Duane Ruth-Heffelbower returns to FPU, continues to make peace

Duane Ruth-Heffelbower may have been on leave from the Center for Peacemaking and Conflict Studies at Fresno Pacific University—but he was still making peace.

Ruth-Heffelbower returns to campus after more than two years on leave in Indonesia. From August of 1999 to December of 2001 he helped set up and operate a peace center at Duta Wacana Christian University and volunteered with Mennonite Central Committee (MCC), an international relief and development organization. His wife, Clare Ann, served as MCC Indonesia country director.

Among Ruth-Heffelbower's new duties will be to teach mediation and the law, develop a business plan for CPACS, work on the graduate school and center website and pursue a mediation and intervention practice. He first joined the faculty and the center in 1996.

During his time in Indonesia, Ruth-Heffelbower was more than a teacher of peace, he was an active peacemaker. One mission took he and a team from Duta Wacana to assist Gereja Injili di Tanah Jawa (GITJ) a synod of the Javanese Evangelical Church, which split 10 years before. The synod is the oldest and largest Mennonite group in Java, with about 50,000 people in more than 100 congregations.

Personality conflicts and personal offenses were the main problems. "There was enough hurt and blame for everyone," Ruth-Heffelbower said. "They knew they needed to get back together, but they just couldn't do it."
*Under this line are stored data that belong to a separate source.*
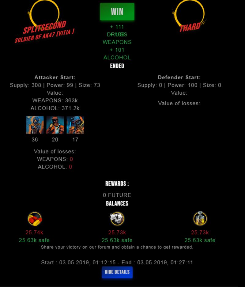 Congratulations @splitsecond ! Your fight received an upvote of 2.5% from the King Dealer as incentive for your activity and as a gratitude for your support to the game.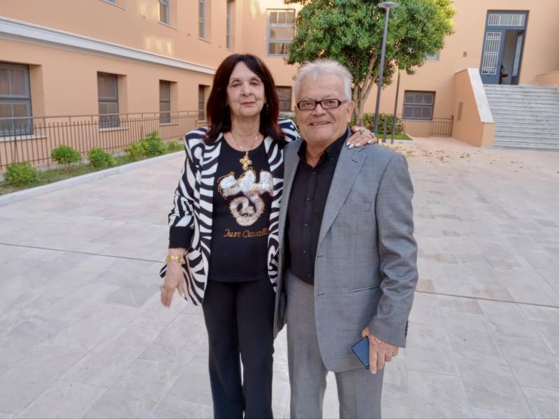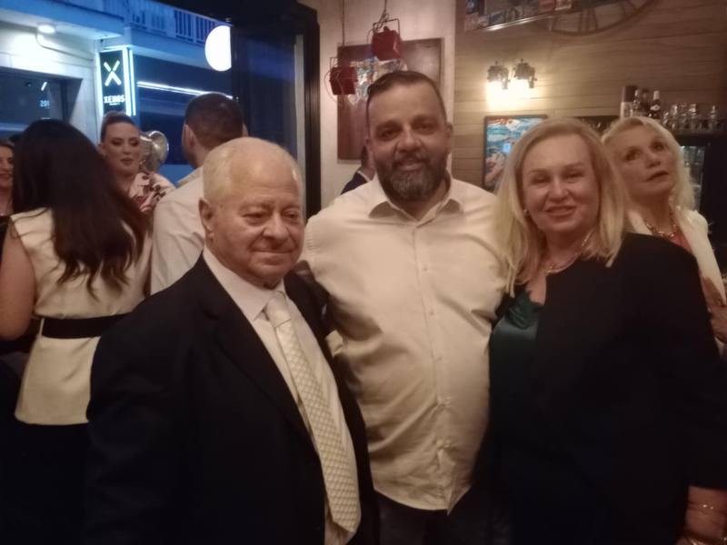 Περιχαρείς οι νονοί του γαμπρού ο καταξιωμένος στην Πατραϊκή κοινωνία και όχι μόνο επιχειρηματίας Φίλιππος Μουστής με την αξιαγάπητη σύζυγό του Άντα Μουστή.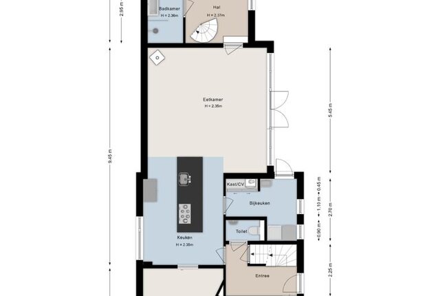 Begane grond: Hal/entree met toilet en vaste trap naar 1e verdieping. Woonkamer met veel lichtinval voorzien van een eikenvloer en een sierhaard. Woonkeuken met gaskookplaat, afzuigkap, vaatwasser, oven en koelkast. Bijkeuken voorzien van wasmachineaansluiting. Tussenhal voorzien van wenteltrap naar 3e slaapkamer. Badkamer voorzien van vloerverwarming, inloopdouche, toilet en wastafelmeubel. Slaapkamer.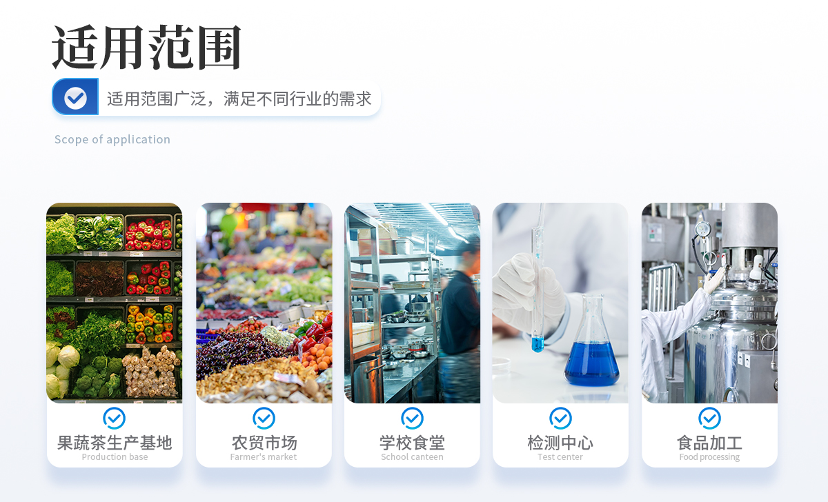 采用酶抑制率比色法對蔬菜、水果、茶葉、糧食、農副產品等食品中有機磷和氨基甲酸酯類農藥殘留含量進行快速準確的檢測;廣泛應用于果蔬茶生產基地和農貿批發銷售市場現場檢測、農業部門、學校食堂、市場監管局、檢測中心等的安全速測。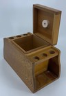 Vintage Walnut 12 Pipe Holder Stand With Glass Tobacco Jar Humidor Mcm

The traditional method of solving conflict in Java, the island off southeast Asia which contains about two-thirds of the Indonesian population as well as the capital city of Jakarta, is to seek the advice of a wise person of status. In this case, however, the people of status were the ones fomenting the conflict. "They just didn't have that wise person," Ruth-Heffelbower said.

In meeting with leaders from all sides, Ruth-Heffelbower and his team focused on what people needed, not what they wanted. "As they thought through those things, the number of things they needed got really small," he said. The peacemakers helped those in the conflict come up with a process to meet needs, then brought all parties together in a conference.

"They were able to elect a single board and keep it," Ruth-Heffelbower said. "We created an opening for the Holy Spirit to work."